日本大百科全書(ニッポニカ) 「ALMA」の意味・わかりやすい解説
ALMA
あるま
南米・チリのアンデス山脈、標高5000メートルのアタカマ高地で日米欧が共同で建設し、運用を始めた最新の国際大型電波望遠鏡。ALMAはAtakama Large Mm-&-submm Arrayの頭文字をとったもの。アタカマ大型ミリ波サブミリ波干渉計と訳される。口径12メートル(54基)、および口径7メートル(12基)の高精度パラボラ合計66基を、最大十数キロメートルの範囲に観測目的に応じて移動展開し、光ファイバーで連結して一つの電波望遠鏡として観測を行う、世界最大の開口合成型電波干渉計である。観測波長はバンド3(3ミリメートル帯)、バンド4(2ミリメートル帯)、バンド6(1ミリメートル帯)、バンド7(0.85ミリメートル帯)、バンド8(0.75ミリメートル帯)、バンド9(0.45ミリメートル帯)、バンド10(0.3ミリメートル帯)の7波長帯で、今後新たな波長域の受信機の追加も予定されている。ALMAは多数の高精度パラボラによる大集光力、長基線距離に及ぶパラボラ配置とともに、波長が1ミリメートルよりも短い「サブミリ波」での本格的観測が可能で、可視光でも届かなかった100分の1秒角という画期的な高空間分解能が達成できる。ALMAの観測対象は、太陽、惑星や衛星など太陽系諸天体から、恒星、星間物質、銀河、クエーサー、遠方の宇宙論的観測まで、きわめて広範にわたる。
建設総予算は約1000億円で、そのうちヨーロッパ諸国を中心に構成するESO(イーソ)(ヨーロッパ南天天文台)が37.5%、アメリカのNRAO(国立電波天文台、NSF)とカナダのNRCが37.5%、日本のNAOJ(国立天文台、自然科学研究機構)が25%を拠出して2002年に開始され、2013年から本格的な観測に入った。建設から運用までが世界レベルでの共同で行われた点で、ALMAは初めての「世界望遠鏡」になったといえる。設置場所としては、サブミリ波を観測するためには乾燥高地が適切で、世界中の候補地探査のすえ、標高5000メートルで年間降水量100ミリメートル以下という広大なアタカマ高地が最終的に選択された。日本は立案当初から米欧とともに計画の主要提案国だったが、政府の予算編成の事情から参加が2年遅れた。しかし参加後は米欧と事実上対等に建設に寄与し、野辺山(のべやま)電波天文台以来の経験を生かして高精度パラボラ、高感度受信機、分光相関器などを開発・建設した。また建設の間に日本(NAOJ)は台湾のASIAA(台湾中央研究院天文・天文物理研究所)、韓国のKASI(韓国天文宇宙科学研究院)とグループを組み、ヨーロッパALMA地域センター(ESO)、北米ALMA地域センター(アメリカ+カナダ)に対応する「東アジアALMA地域センター」を形成して、ALMAを支える三脚の一つとして運用にあたっている。

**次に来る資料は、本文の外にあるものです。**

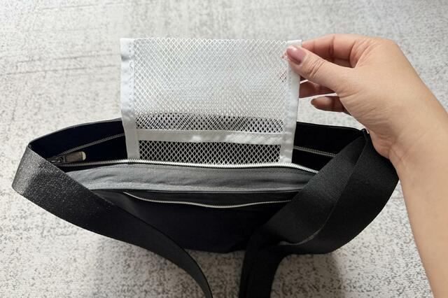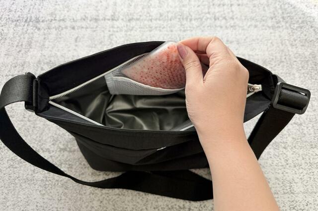 ちなみに内側には保冷剤を入れるのにちょうどいいサイズ感の小さなメッシュポケットがついているのですが、保冷剤を入れないときは鍵やリップなどの小物入れとしても活躍します。
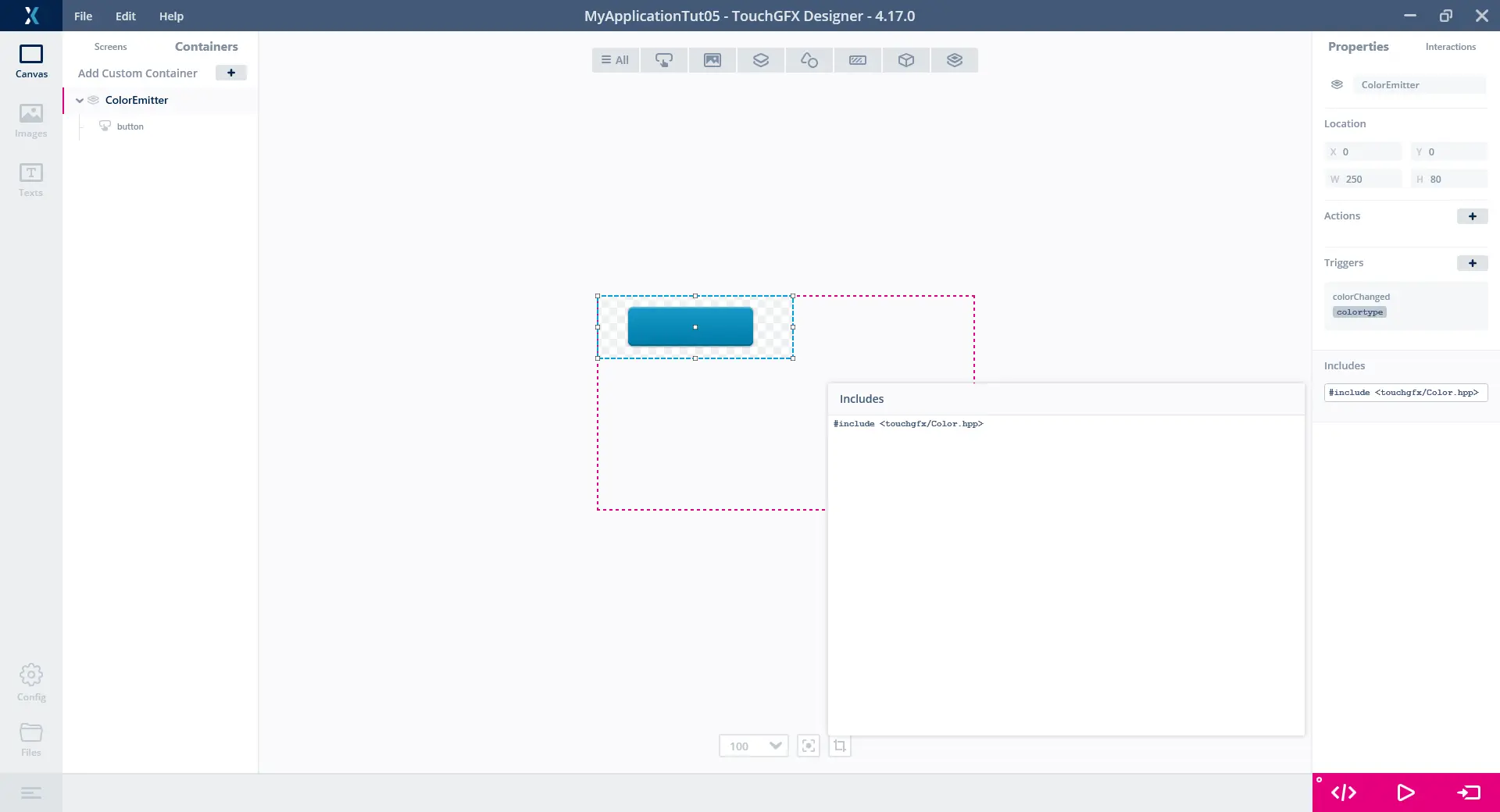 First, let's create a new custom container and call it "ColorEmitter". Insert a button and call it "button". You should have something similar to the image below:
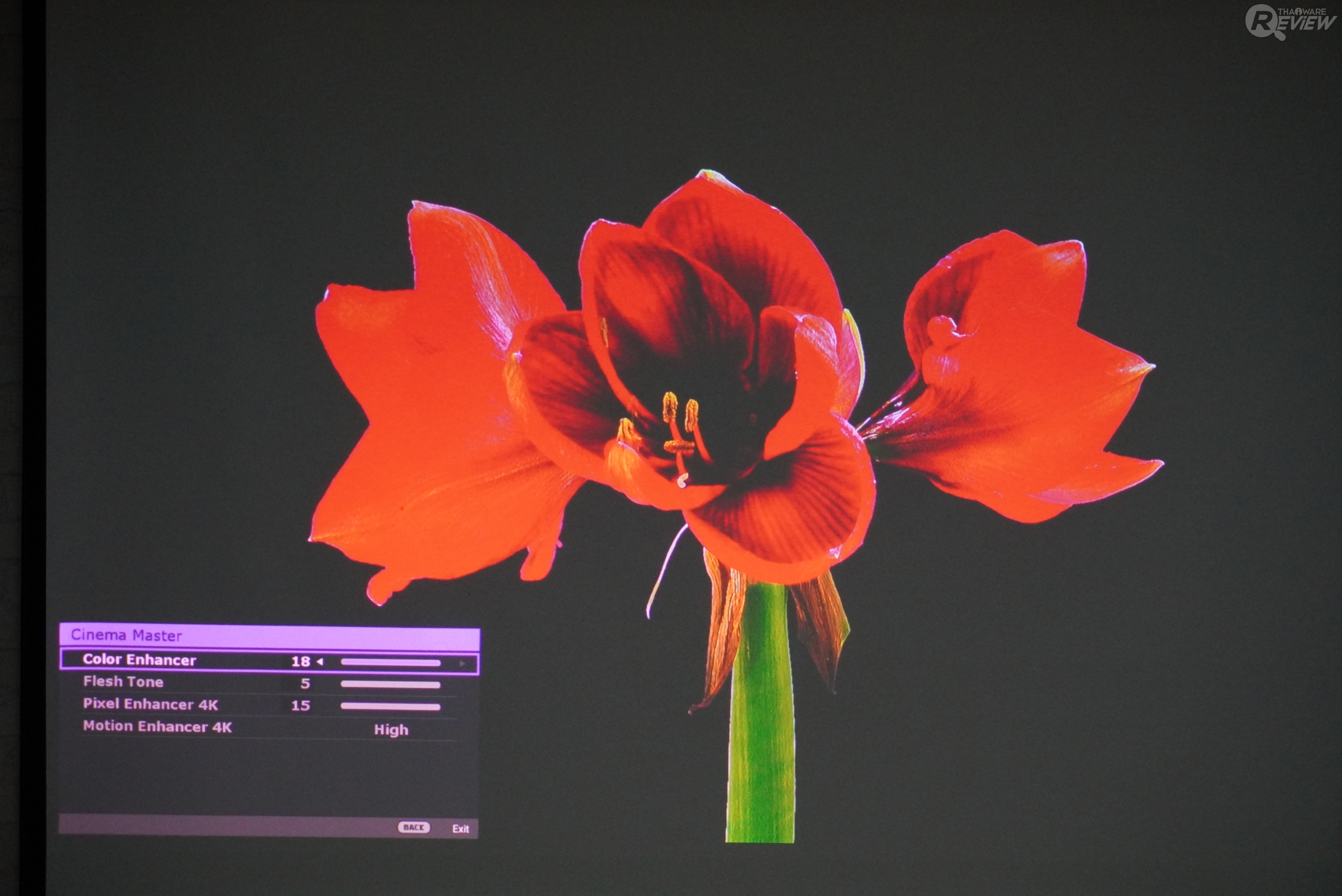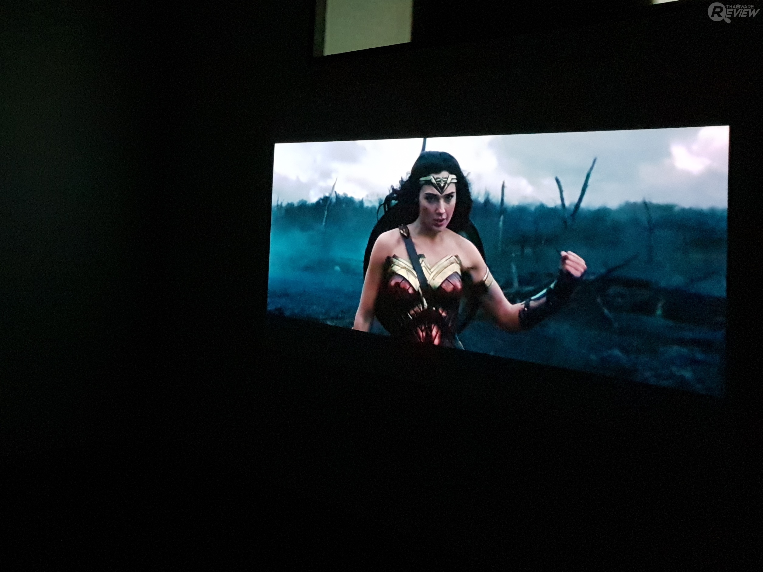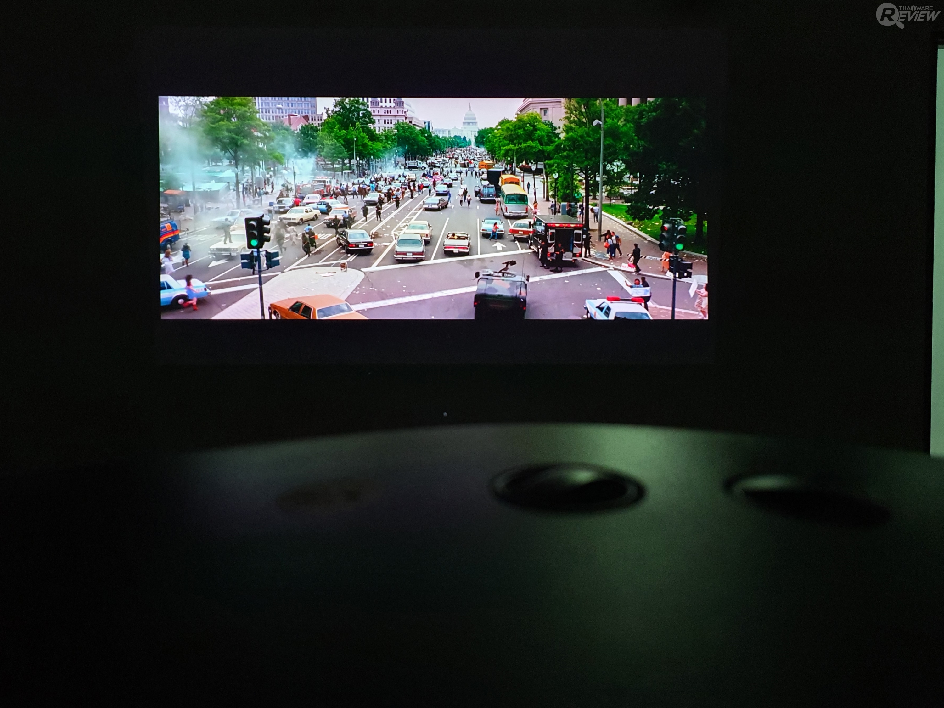 หรือเลือกใช้งานในห้องที่มีแสงสว่าง เปิดไฟในห้องแล้วฉายโปรเจคเตอร์ไปด้วยก็ทำได้เช่นกัน ซึ่งโปรเจคเตอร์ BenQ W5700 มาพร้อมเทคโนโลยี HDR-PRO ช่วยเพิ่มประสิทธิภาพขณะแสดงเฉดสี Active Iris and Dynamic Black ที่ช่วยเพิ่มระดับของความคอนทราสต์และรายละเอียดเมื่อรับชม Blu-rays ความละเอียดระดับ 4K แต่ในการใช้งานจริง พบว่าการฉายวิดีโอในห้องมืด ๆ จะได้อรรถรสที่โอเคกว่าการใช้งานในห้องที่มีแสงสว่าง แต่รวม ๆ แล้วก็สามารถใช้งานได้ทั้งสองแบบ
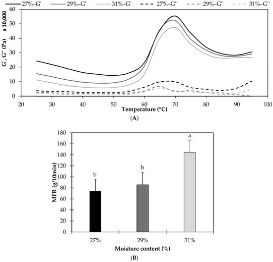 Rheology of the samples that were fed into the extruder, prepared with rice and 27, 29, or 31% water. (A) Storage moduli (G’) are shown in solid lines and Loss moduli (G”) in dotted lines; (B) Melt flow rate (MFR). Different letters show significant differences (p < 0.05). Data are means of three samples ± typical error.
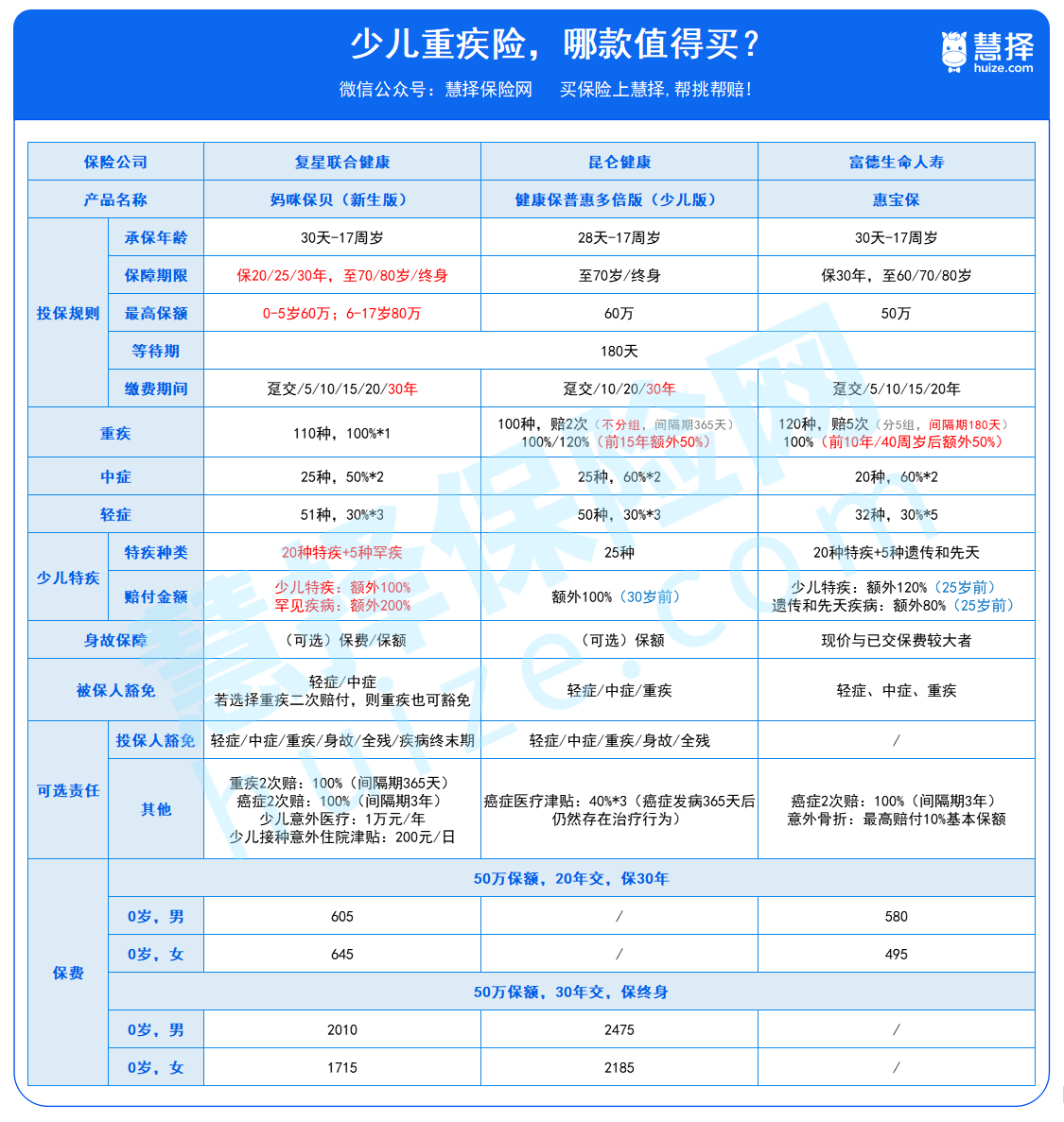 按照少儿重疾险挑选原则,

2013年の完成式以降、性能確認・調整のための試験観測と公募による観測が並行して進められてきた。ALMAの公募観測時間はオープンな国際公募と国際審査によって決められるが、その獲得競争は激烈で、すでに天文学のあらゆる分野に及んで膨大な成果・論文が発表されている。とくに宇宙論的遠方の銀河における激しい星生成の観測、驚くべき多数の宇宙重力レンズの発見、原始星を取り巻く原始惑星系円盤や、その中で生まれつつある惑星系の発見など、観測の威力で世界の天文学者を驚かせた。ALMAで得られた大量の観測データは、1年間の観測者優先期間の後すぐにネットで公開されて世界中の研究者による研究に自由に用いられており、ここでも多大の成果をあげている。
ALMAは、日米欧の3機関の支援のもと、チリの首都サンチアゴにおかれたALMA合同天文台によって直接運用されている。ALMAの基地で観光地でもあるサン・ペドロ・デ・アタカマから約50キロメートルの標高2900メートルサイトに大規模な運用支援施設OSF(Operation Support Facility)があり、一般の訪問者も見学できる(ただし事前連絡が必要)。そこから上の望遠鏡サイトは標高5000メートルの高地で酸素不足などの危険を伴うため、一般見学は許可されていない。